Just like GAM’s UPR, Amazon TAM and UAM have their own floor price setup. However, they do not have a direct interface for publishers to set the floors manually. You can, however, discuss your pricing strategy with your Amazon account manager and adjust it further based on performance.
5 Best Strategies to Optimize Price Floors
Dynamic floor pricing - It’s the call of the time, and you must embrace it. The advanced algorithms here help you bring balance to the programmatic landscape and reclaim your lost control over pricing. Implementing tools like Mile's Dynamic Flooring allows publishers to respond instantaneously to market fluctuations, maximizing revenue opportunities without manual intervention.
Integrating contextual and behavioral data - Enhance your floor pricing strategy by integrating contextual and behavioral data into your pricing model. Understanding the context in which ads are served (such as the content they're placed next to) and the behavior of users interacting with your site (like engagement patterns) can provide valuable insights into what inventory is more valuable. Adjusting floor prices based on these insights can lead to higher CPMs for premium contexts and engaged audiences.

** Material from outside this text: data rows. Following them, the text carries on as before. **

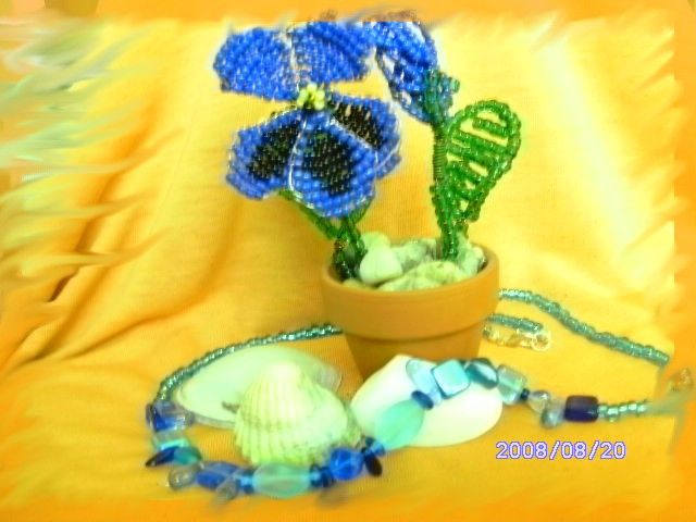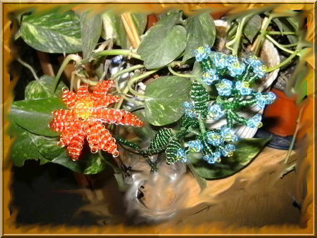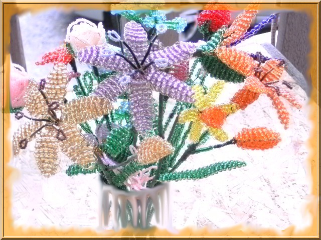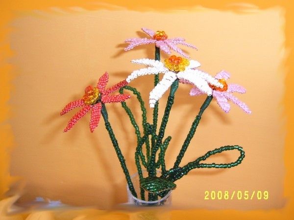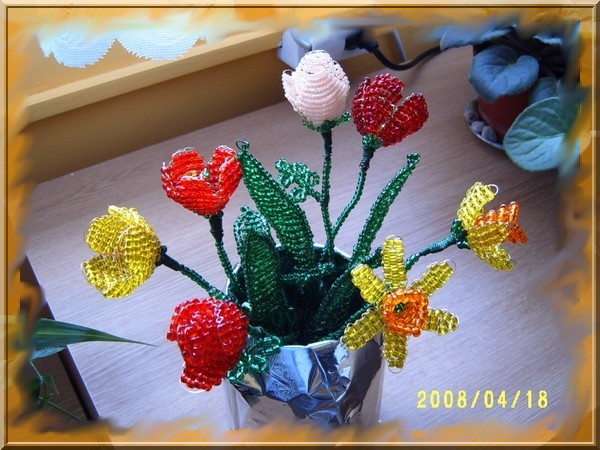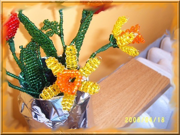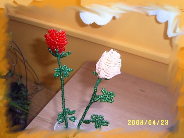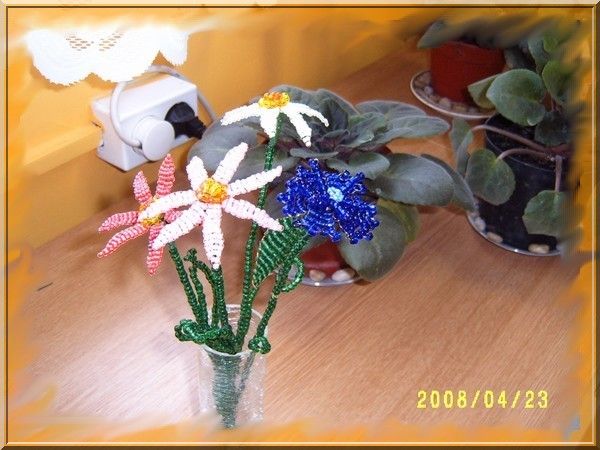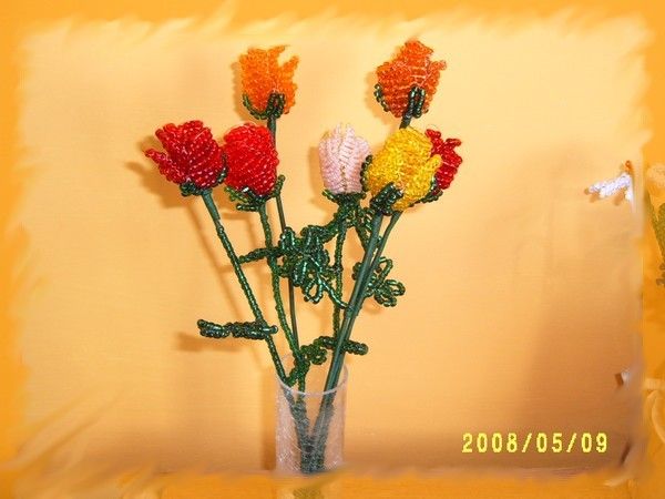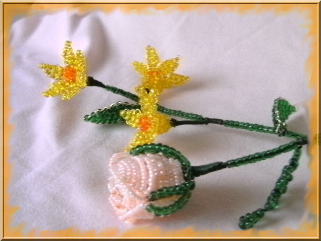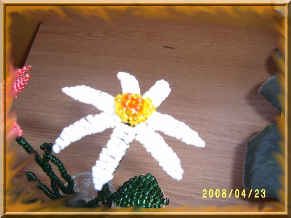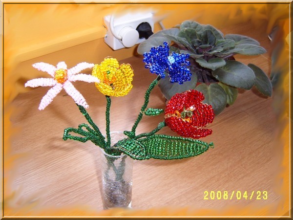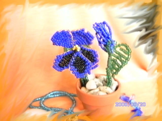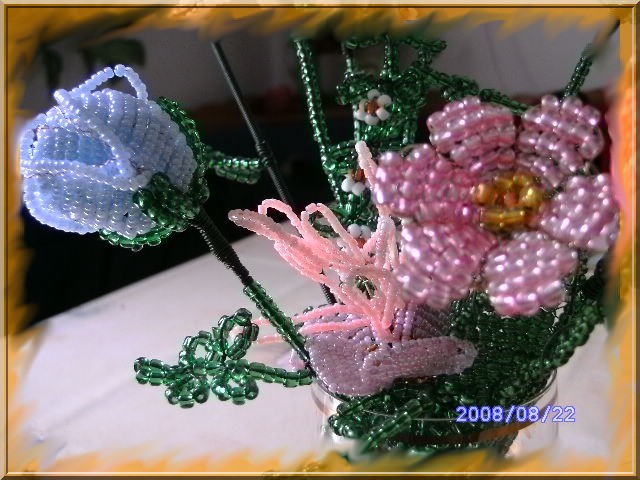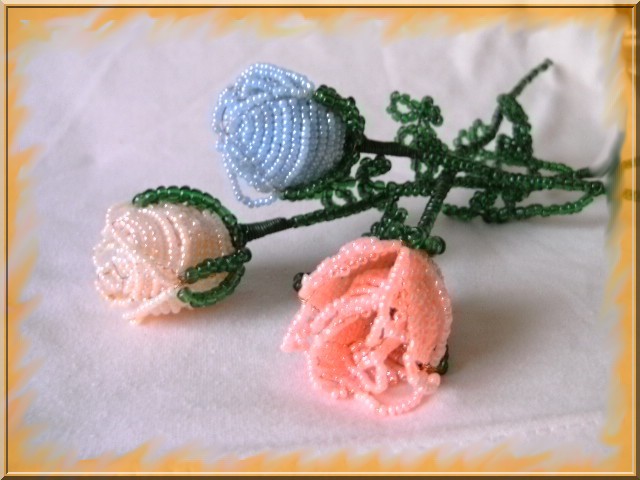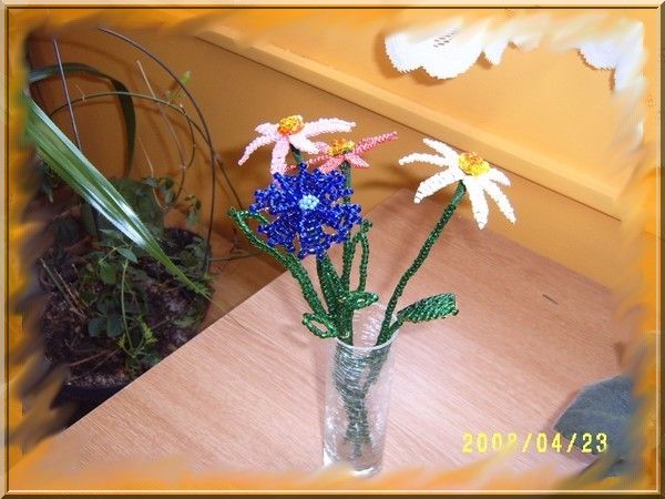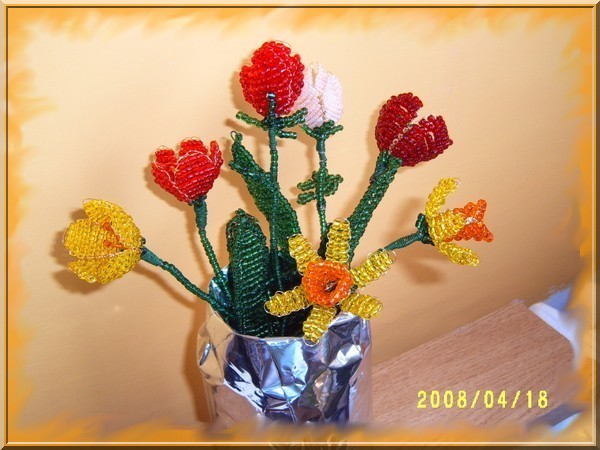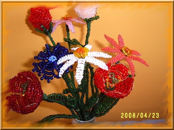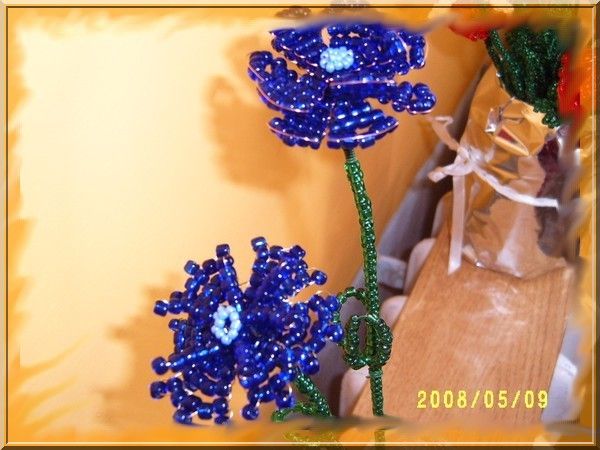 Munkáim! Mint a képeken is látható, a virágokat kása gyöngyből drótrafűzve készítem. A virágok képei többféle nézetből láthatók, a jobb megfigyelhetőség érdekében. Nagyításhoz kattints a képekre....
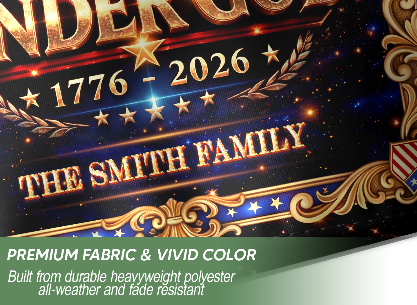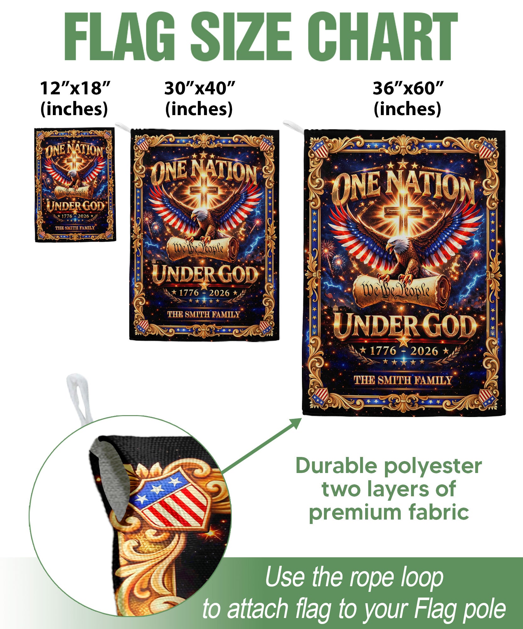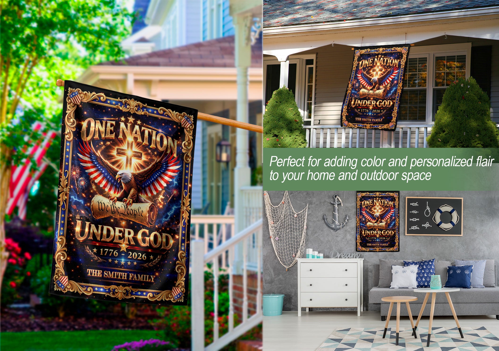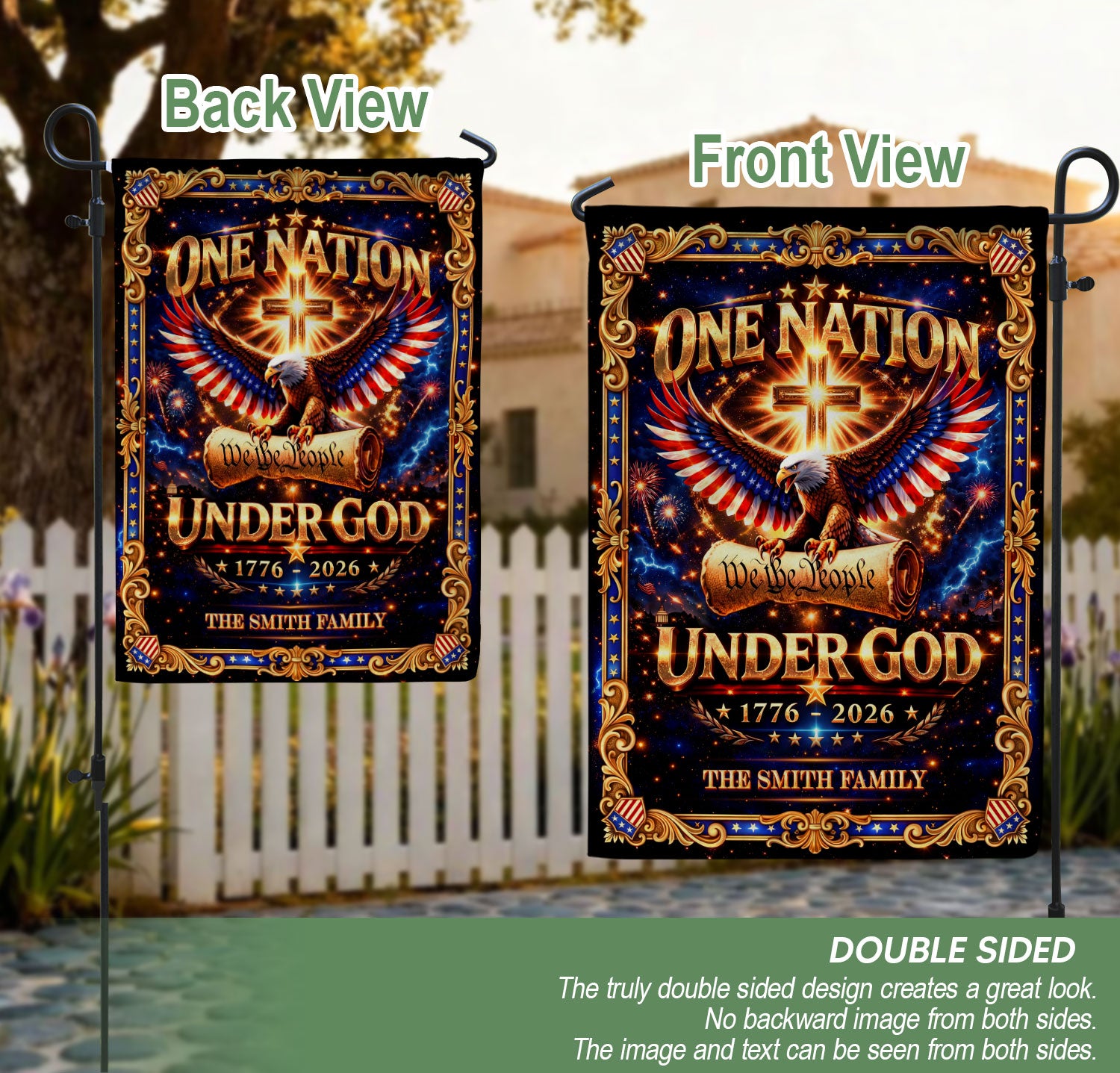 Celebrate America’s 250th anniversary from 1776 to 2026 with this custom family name garden flag. The design features a majestic eagle, sacred cross, ‘We the People’ inscription, and ‘One Nation Under God’ motto, honoring the nation’s spiritual heritage and historical journey. Crafted for outdoor display, this durable garden flag adds patriotic pride to your yard, porch, or garden bed. Personalize it with your family name for a unique touch that commemorates this milestone. Ideal for history enthusiasts, veterans, and families cherishing faith and freedom. Easy to install on garden stakes or poles, weather-resistant for long-lasting vibrancy.
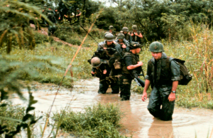 We took off our boots and dried out socks out. Our clothes dried out within the first half hour. I pulled a poncho out of my backpack and grabbed two small pieces of driftwood and made a small lean-to. The LT Col and the Sgt Major rolled over under it getting their heads and chests out of the bright sun. I was getting sunburnt, so the Sgt Major told me to move over next to him in the shade I had provided them. The Sgt Major lying next to me pulled out his transistor radio and began to listen to the American Forces Vietnam Network Station. After a song or two, they were broadcasting the Apollo 11 moon landing live. While laying there on that hot sand, we heard, “That’s one small step for a man, one giant leap for mankind.” Spoken by Neil Armstrong. It was 10:56 p.m. EDT on July 20th 1969 back in the States.
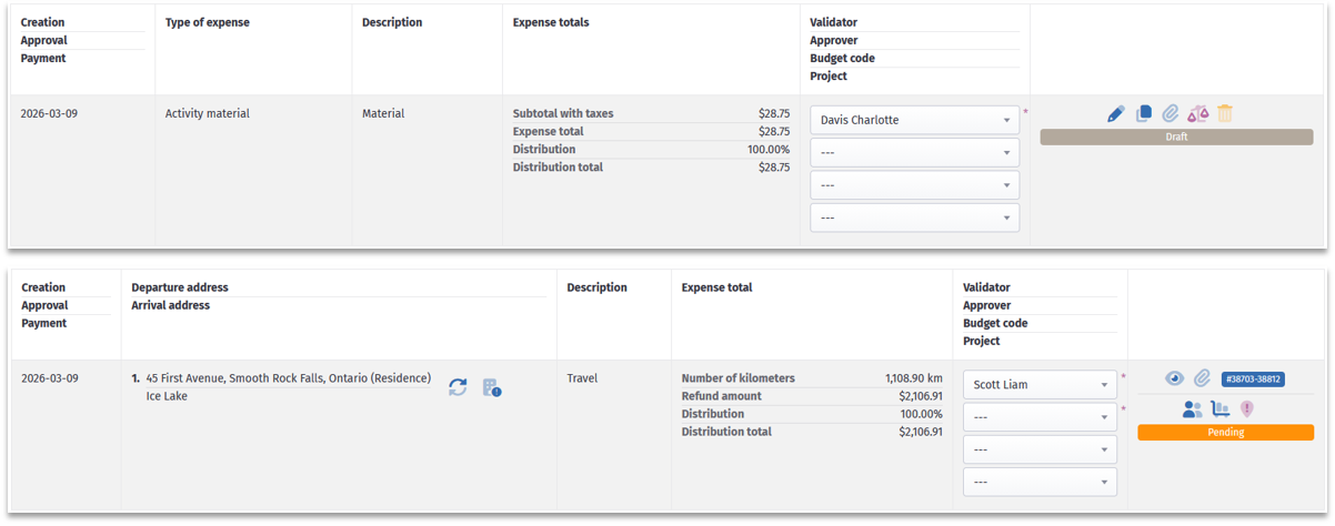 - Expense reimbursement status : This filter helps you find requests based on their status, whether they are pending validation, approved, or paid.
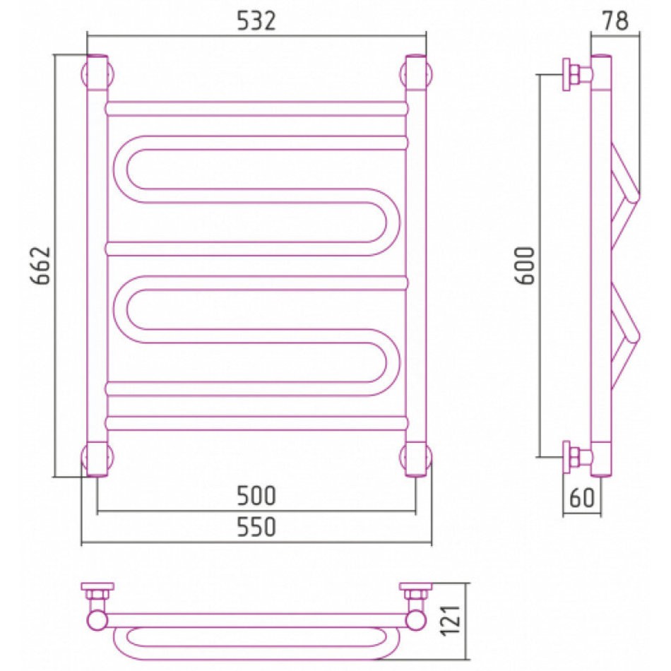 Полотенцесушитель водяной Сунержа Элегия+ 12-0205-6050, высота 60 см, ширина 50 см, универсальное подключение, цвет белый
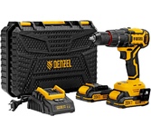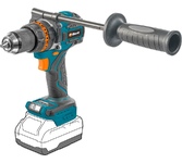 Аккумуляторная ударная дрель-шуруповерт Denzel CIDH-BL-20 26137 с бесщеточным двигателем предназначена для работы с резьбовым крепежом и для получения отверстий диаметром до 35 мм в древесине, до 13 мм в металле и до 8 мм в бетоне. Ударный режим обеспечивает эффективное сверление твердых материалов, таких как кирпич и бетон. Мощный бесщеточный двигатель обеспечивает максимальный крутящий момент 80 Н·м. Патрон совместим со сверлами с хвостовиками 2-13 мм. Инструмент питается от аккумулятора Li-Ion 20 В, оптимален для выполнения бытовых ремонтных и строительных работ. Преимущества Блокировка шпинделя — установка и замена оснастки не занимает много времени. Плавная регулировка — частота ударов меняется в диапазонах 0-7680 и 0-28800 уд/мин, частота вращения шпинделя — в диапазонах 0-480 об/мин для завинчивания крепежа и 0-1800 об/мин для сверления. 21+1 ступень регулировки крутящего момента — можно подобрать оптимальное усилие затяжки крепежа. Аккуратная работа — тормоз свободного выбега мгновенно останавливает в
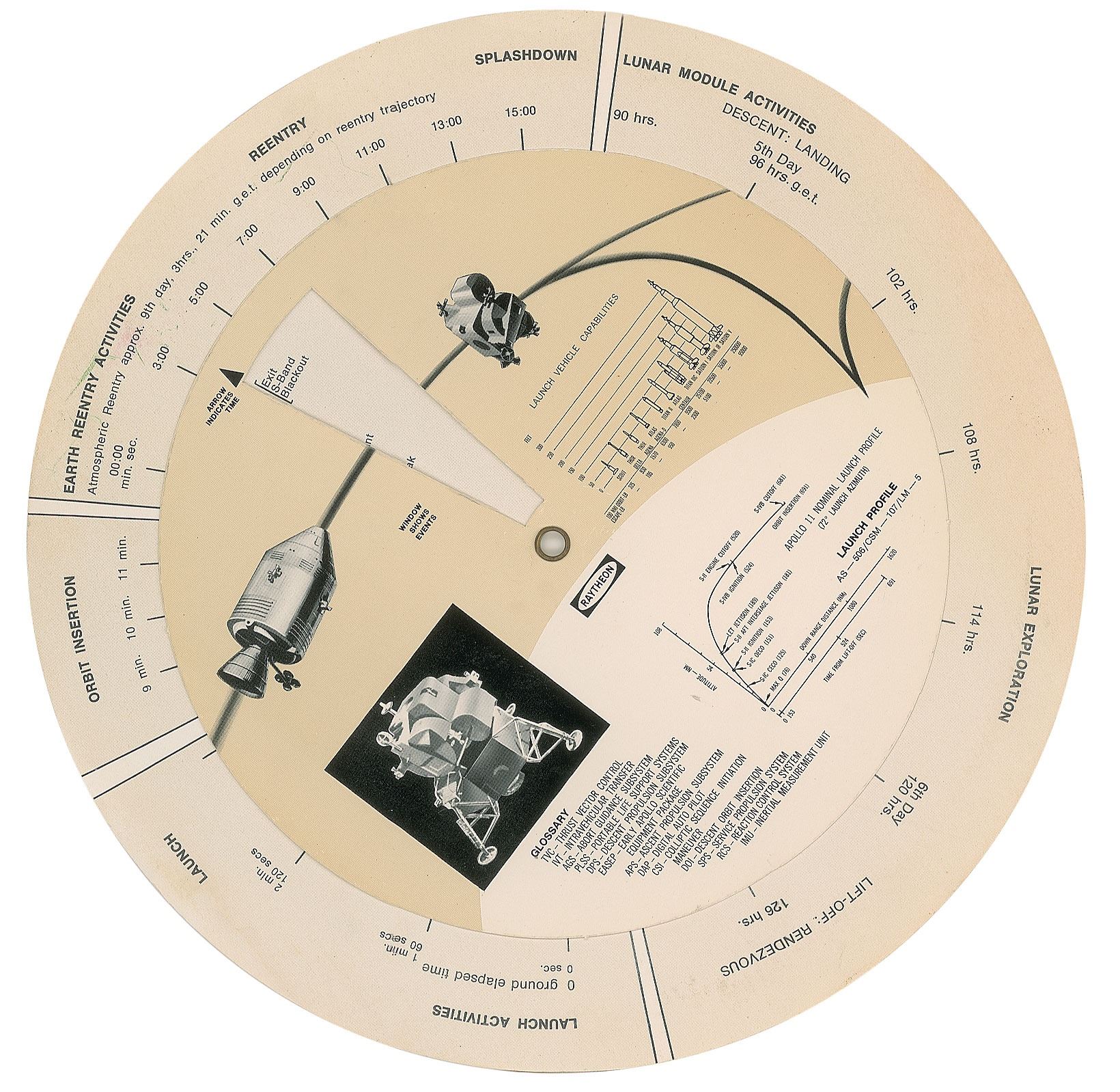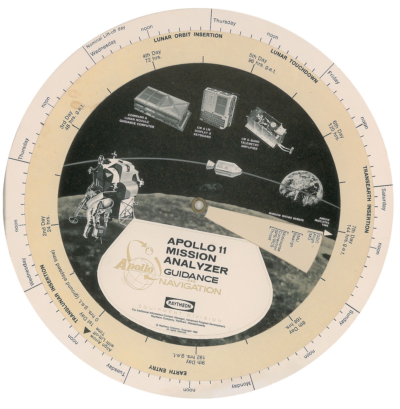 A circular cardstock "Apollo 11 Mission Analyzer" rotating chart made by Raytheon in 1969, measuring 9.5? in diameter, providing a guide for the mission's timeline and activities. In fine condition.
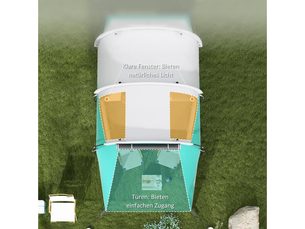 - Světlem zalitý kempinkový stan: Užijte si světlý interiér díky průhledným bočním oknům, která maximalizují světlo a viditelnost, abyste se cítili jako doma, ať jste kdekoli
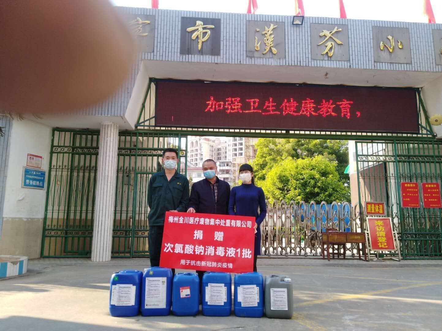 2020年2月22日,一場(chǎng)簡(jiǎn)單而特殊的捐贈(zèng)儀式在興寧市各大中小學(xué)舉行。為切實(shí)幫助學(xué)校復(fù)學(xué)做好防疫物資儲(chǔ)備,金川公司定向捐贈(zèng)給轄區(qū)10所學(xué)校消毒液各一批。
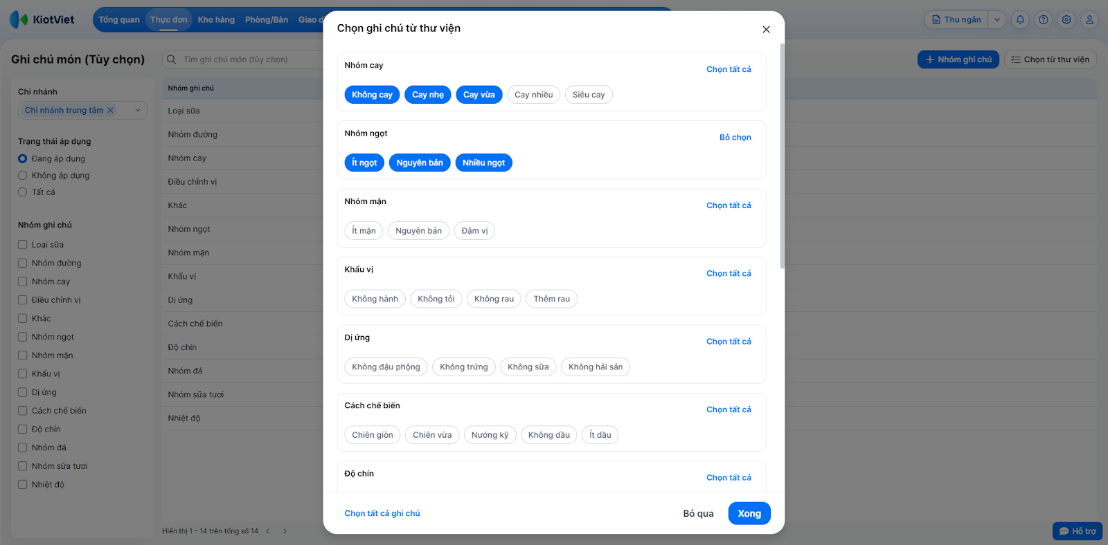 - Hệ thống hiển thị danh sách các nhóm, ghi chú hiện có, bạn chỉ cần chọn xanh vào ghi chú muốn áp dụng cho món đang thao tác.

Tiered pricing model - A tiered pricing model sets different floor prices for various segments of inventory based on their value. For example, you can segment and set higher floor prices for premium content or highly engaged audiences and lower floors for less desirable inventory. By segmenting inventory in this way, you can keep your pricing close to the market value. This will further enhance your revenue from high-value inventory while still monetizing lower-value spots effectively.
A/B testing - A/B testing for floor prices involves experimenting with different floor pricing strategies for similar inventory segments to determine which approach generates the highest revenue. This way, you can empirically test the impact of various floor prices on revenue and fill rates and refine your pricing strategy based on actual performance data.
Competitor benchmarking - Use competitor benchmarking to inform your floor pricing strategy. This will help you understand your position in the market and help you adjust your pricing strategy accordingly. By comparing with peers, you can identify pricing trends and opportunities to set your own competitive floors, attract advertisers, and enhance revenue without undercutting the market.
The Path Forward
Floor pricing isn’t just a set-it-and-forget-it part of your ad strategy; it’s a critical lever that, when pulled correctly, can open up a stream of revenue that you might not have realized was possible.
For too long, the industry has leaned heavily on static and manual flooring methods, and while they've had their place, it's time for a shift. To reclaim your control, you will need to remain agile and join hands with innovative solutions. The path forward is where you make efficient use of data, technology, and strategic insights, leading you toward efficiency, transparency, and profitability.